Creating Iceberg replication policy

You can create Iceberg replication policies in CDP Private Cloud Base 7.1.9 clusters using Cloudera Manager 7.11.3 or higher versions.

  1. Add the source cluster as a peer to the target cluster. An Iceberg replication policy requires a replication peer to locate the source data. You can use an existing peer or add a new peer.
    For information about adding a source cluster as a peer, see Adding cluster as a peer.
  2. Go to the Cloudera Manager > Replication > Replication Policies page in the target cluster where the peer is set up.
  3. Click Create Replication Policy > Iceberg Replication Policy.
    The Create Iceberg Replication Policy wizard appears.
  4. Configure the following options on the General tab:
    Option Description
    Policy Name Enter a unique name for the replication policy.
    Source Choose the source cluster that has the required peer, the required source data to replicate, and the source Iceberg Replication service.
    Destination Choose the target cluster that has the required target Iceberg Replication service.

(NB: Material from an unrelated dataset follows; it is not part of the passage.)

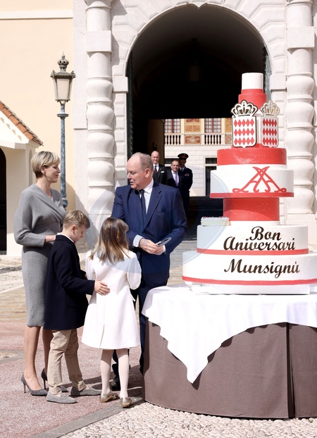 No Tabloïd - Le prince Albert II de Monaco fête son anniversaire (66 ans) avec la princesse Charlène de Monaco et leurs enfants Le prince Jacques de Monaco et la princesse Gabriella de Monaco sur la Place du Palais princier à Monaco

    The dropdown list shows the clusters that are managed by the current Cloudera Manager.

    Schedule Choose:
    • Immediate to run the replication policy immediately after policy creation is complete.
    • Once to run the schedule one time in the future. Set the date and time.
    • Recurring to run the schedule periodically in the future. Set the date, time, and interval between runs.

    You must consider the following factors before you configure the replication frequency or recurring schedule:

    • The anticipated rate of change and the frequency of the schedule can predict the RTO (Recovery Time Objective) and RPO (Recovery Point Objective) during a disaster recovery process. Therefore, choose a schedule that provides an optimal RTO and RPO.
    • Recurring frequency impacts the compute load on the entire system. That is, frequent replication affects the overall compute capacity of the participating nodes in the replication process which in turn can impact the other workloads running on these nodes.
    Inclusion Table Filters Enter the one or more database and table names to include for replication. The table name can be a Java Regular Expression, or the complete table name that is stored in the catalog.
    Exclusion Table Filters Enter the one or more database and table names to exclude from replication. The table name can be a Java Regular Expression, or the complete table name that is stored in the catalog.
  5. Configure the following options on the Resources tab, Replication Manager uses these options to optimize the DistCp jobs during data replication:
    Option Description
    Custom YARN Queue Optional. Enter the name of the YARN queue for the cluster to which the replication job is submitted if you are using Capacity Scheduler queues to limit resource consumption. The default value for this field is default.
    Maximum Number of Copy Mappers Optional. Enter the number of map slots per mapper, as required. The default value is 20.
    Maximum Bandwidth Per Copy Mapper Optional. Enter the bandwidth per mapper, as required. The default value for the bandwidth is 100 MB per second for each mapper.

    The total bandwidth used by the replication policy is equal to Maximum Bandwidth multiplied by Maximum Map Slots. Therefore, you must ensure that the bandwidth and map slots you choose do not impact other tasks or network resources in the target cluster.

    Adjust this setting so that each map task is throttled to consume only the specified bandwidth.

    Each map task (simultaneous copy) is restricted to consume only the specified bandwidth. This is not always exact. The map throttles back its bandwidth consumption during a copy in such a way that the net bandwidth used tends towards the specified value. You can adjust this setting so that each map task is throttled to consume only the specified bandwidth and the net bandwidth used tends towards the specified value.

  6. Click Create.
The replication policy appears on the Replication Policies page. It can take up to 15 seconds for the task to appear.

If you selected Immediate in the Schedule field, the replication job starts replicating after you click Save Policy.